Когда мы собирались идти по направлению к Мезеглизу, то выходили (не очень рано и даже если небо было облачным, так как прогулка предстояла недолгая и далеко не уводила), как будто нам все равно было, куда идти, через парадную дверь тетиного дома, на улицу Святого Духа. С нами здоровался оружейник, мы опускали письма в почтовый ящик, мимоходом говорили Теодору от имени Франсуазы, что у нас вышло масло или кофе, и, пройдя город, шли по дороге, тянувшейся вдоль белой ограды парка Свана. Когда мы только еще приближались к ограде, нас встречал выходивший к прохожим навстречу запах сирени. А сама сирень с любопытством свешивала над оградой окруженные зелеными, свежими сердечками листьев султаны из лиловых или белых перьев, блестевших даже в тени от солнечного света, в котором они выкупались. Несколько сиреневых кустов, наполовину скрытых домиком под черепичной крышей, где жил сторож, – домиком, носившим название Дома стрелков, – увенчивало его готический щипец розовым своим минаретом. Нимфы весны показались бы вульгарными рядом с этими юными гуриями, вносившими во французский сад чистые и живые тона персидских миниатюр.

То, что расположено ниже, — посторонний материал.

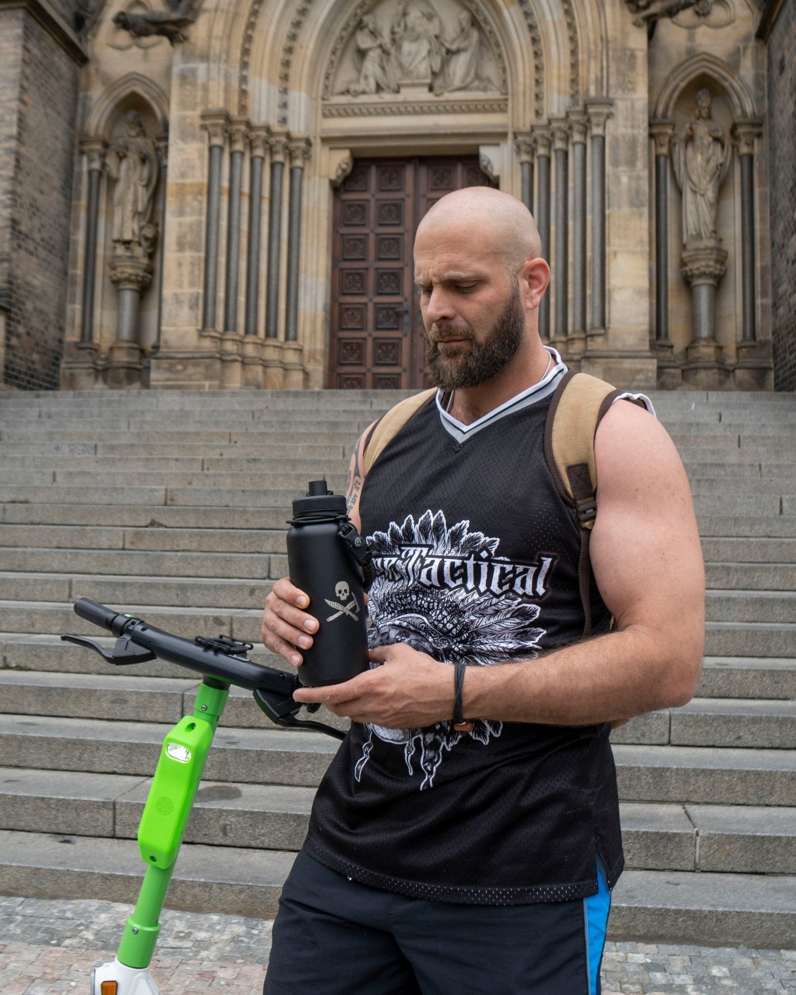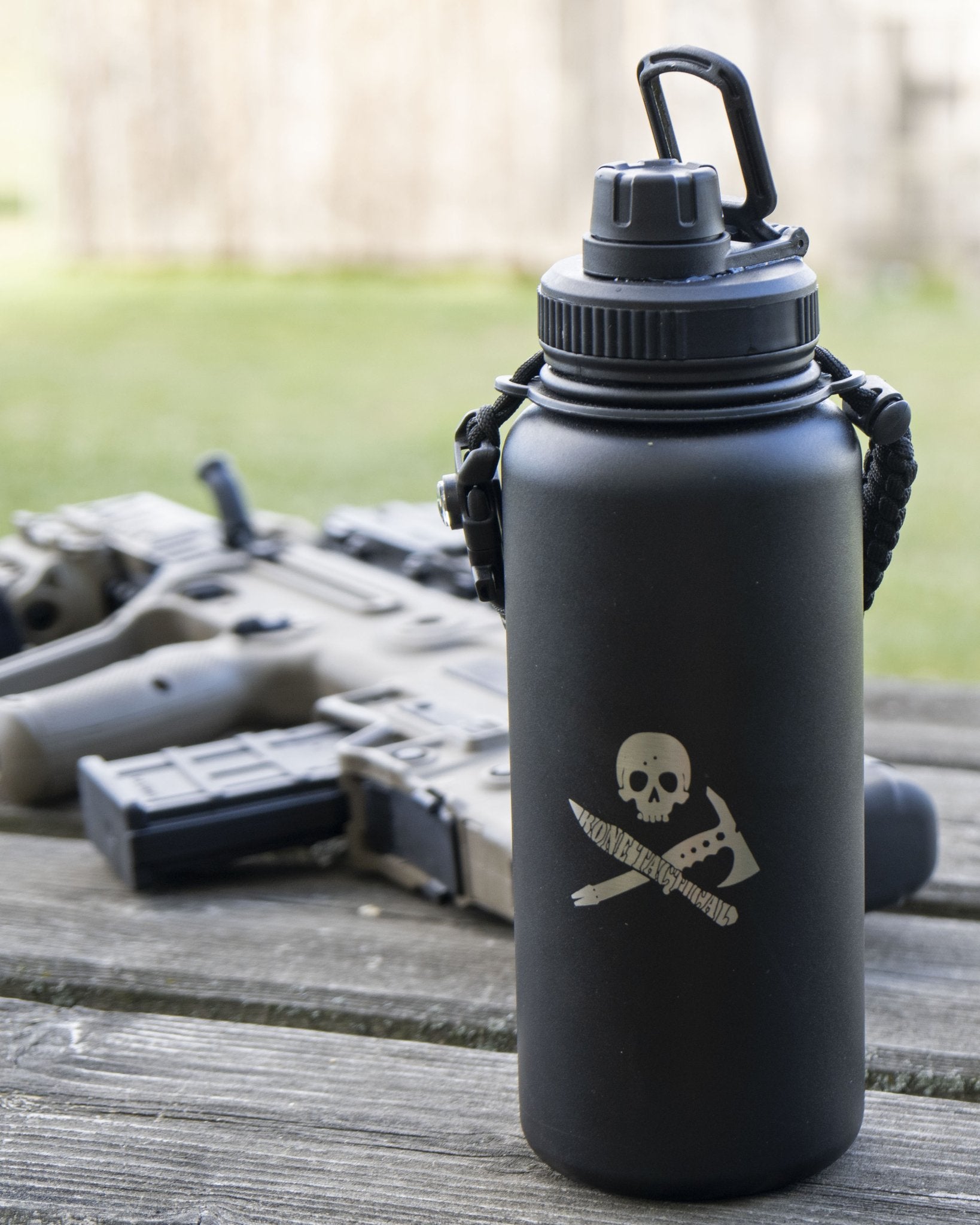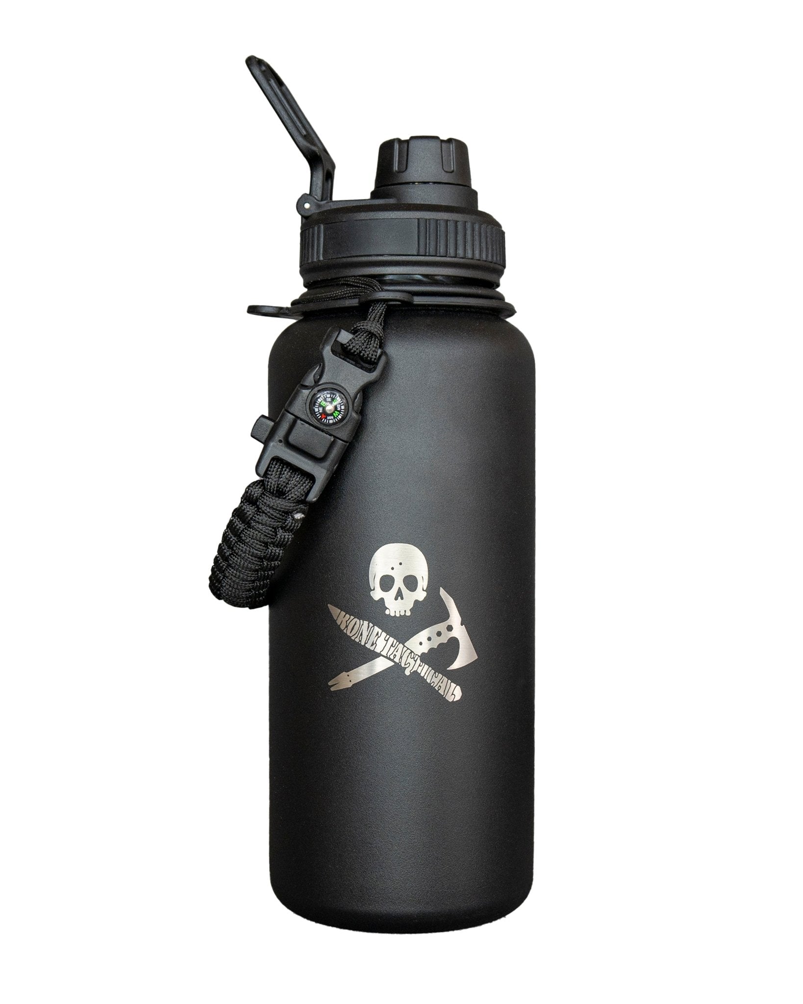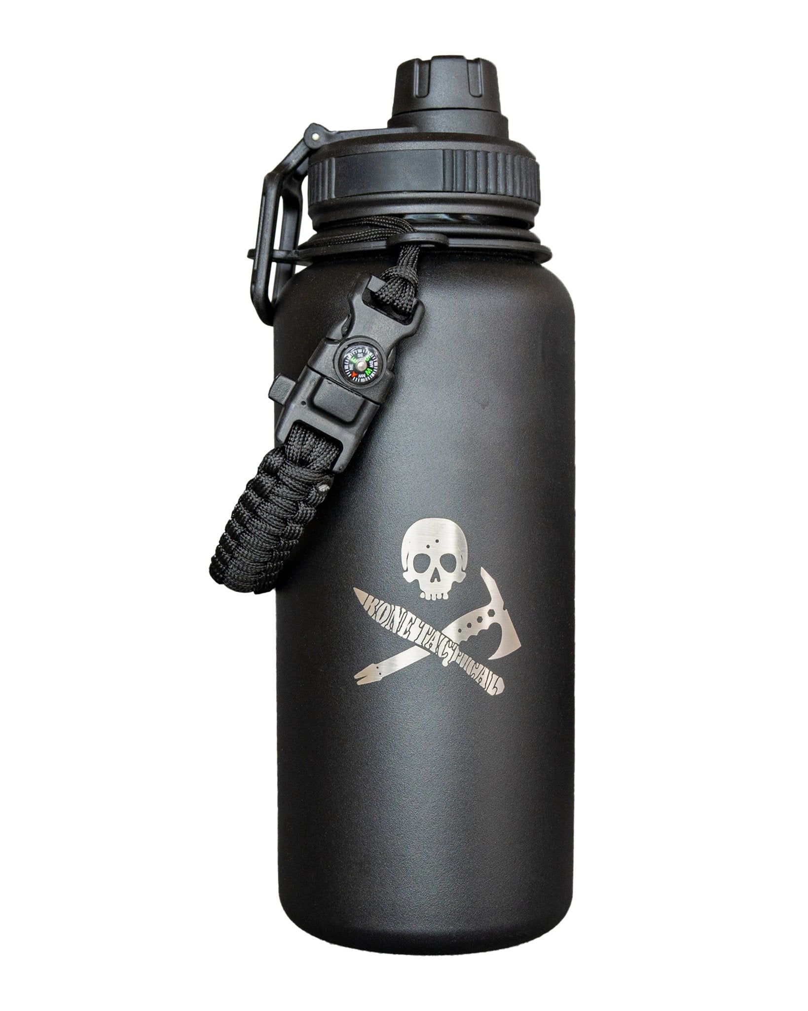 32 ounce, double walled, vacuum sealed 304 stainless steel construction. BPA free polymer flip lid with attachment loop, food grade silicone seal, and rubber grip ring. Bone Tactical wide mouth water bottles are built to last a lifetime. The double-walled vacuum technology keeps hot drinks hot and cold drinks ice cold all day long. The included extra paracord survival handle also features a compass, fire starter, knife, and whistle... all built in.

Мне так хотелось обвить руками гибкий их стан, притянуть к себе звездчатые локоны их душистых головок, но мы шли, не останавливаясь: после женитьбы Свана мои родные перестали бывать в Тансонвиле, и, чтобы не создавалось впечатления, будто мы заглядываем в парк, мы сворачивали с дороги, тянувшейся вдоль ограды и выходившей прямо в поле, и шли туда же, но окольным путем, заставлявшим нас давать изрядного крюку. Как то раз дедушка обратился к моему отцу:

– Помните, Сван вчера сказал, что по случаю отъезда его жены и дочери в Реймс он собирается на один день в Париж? Раз дамы уехали, мы могли бы пройти мимо парка, – это сильно сократило бы нам расстояние.

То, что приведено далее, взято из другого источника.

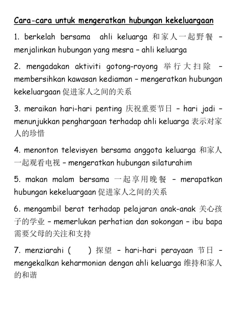 Kssr bm bina ayat cara mengeratkan ikatan kekeluargaan 1. Tidak semestinya perlu ke destinasi yang jauh percutian pendek ke destinasi pelancongan yang berdekatan juga sudah mampu menggembirakan anak anak dan merupakan antara aktiviti yang amat dinanti dan disukai oleh mereka. Ai ling dan keluarganya melakukan aktiviti riadah bersama sama supaya hubungan kekeluargaan dapat dieratkan. Cara cara mempererat hubungan kekeluargaan keluarga ialah institusi yang terdiri daripada bapa ibu anak anak saudara mara dan sebagainya.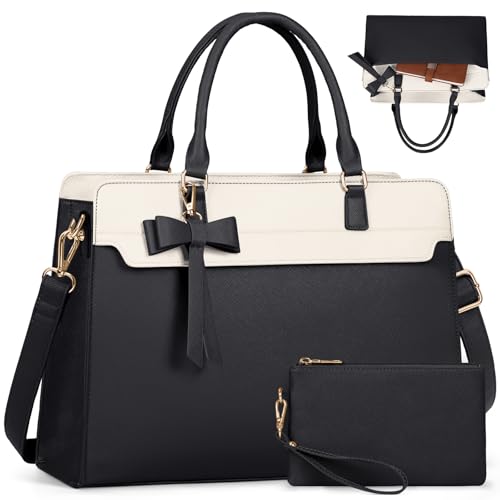 LOVEVOOK Laptop Shopper dam, 15,6 tums laptopväska av konstläder, vattentät handväska, 32 x 13,5 x 42 cm, affärsportfölj med 3 fack, svart, Customs, modern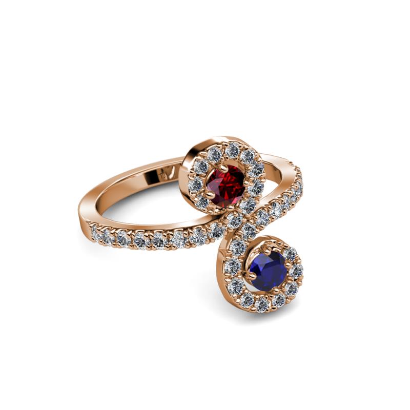 Ruby and Blue Sapphire 2 Stone with Side Diamonds Bypass Engagement Ring 0.74 Carat tw in 14K Rose Gold. More Details ...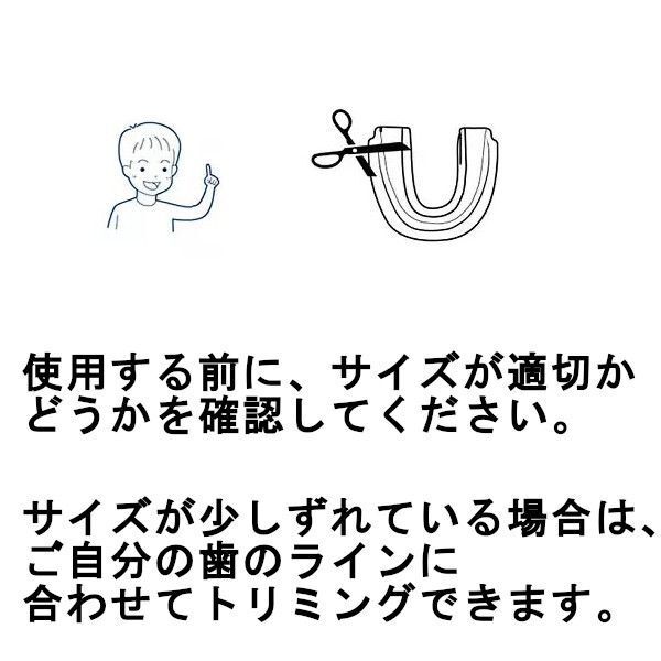 ※使用する前に、サイズが適切かどうかを確認してください。 サイズが少しずれている場合は、ご自分の歯のラインに合わせてトリミングできます。

Мы постояли у ограды. Сирень отцветала; на некоторых кустах высокие лиловые люстры еще вздували хрупкие пузырьки цветов, но на многих, там, где еще неделю назад бушевала в листве их благоуханная пена, блекла опавшая, потемневшая, полая накипь, сухая и ничем не пахнувшая. Дедушка показывал отцу, в какой части парка все осталось по прежнему и что изменилось с того дня, когда он с отцом Свана гулял здесь в день смерти его жены, и, воспользовавшись случаем, опять рассказал об этой прогулке.

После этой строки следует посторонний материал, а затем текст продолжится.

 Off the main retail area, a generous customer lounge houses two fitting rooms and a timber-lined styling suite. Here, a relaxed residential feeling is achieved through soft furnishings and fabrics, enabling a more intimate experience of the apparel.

От нас к дому поднималась залитая солнцем аллея, обсаженная настурциями. Справа, в ровной низине, раскинулся парк. Высокие деревья, окружавшие пруд, выкопанный родителями Свана, бросали на него густую тень; но даже когда человек создает что нибудь в высшей степени искусственное, работает он над природой; иные места никому не уступают своего господства; они с незапамятных времен сохраняют в парке отличительные свои знаки, как если бы человек ни во что здесь не вмешивался, как если бы глушь вновь и вновь обступала их со всех сторон, принимая по необходимости их очертания и напластовываясь на творения человеческих рук. Так, в конце аллеи, спускавшейся к искусственному пруду, образовался двуслойный, сплетенный из незабудок и барвинка изящный естественный голубой венок, окружавший светотень водной поверхности, а над посконником и водяными лютиками на мокрых ножках, с царственною небрежностью склоняя мечи, простирал взлохмаченные фиолетовые и желтые, в виде лилий, цветы своего прудового скипетра шпажник.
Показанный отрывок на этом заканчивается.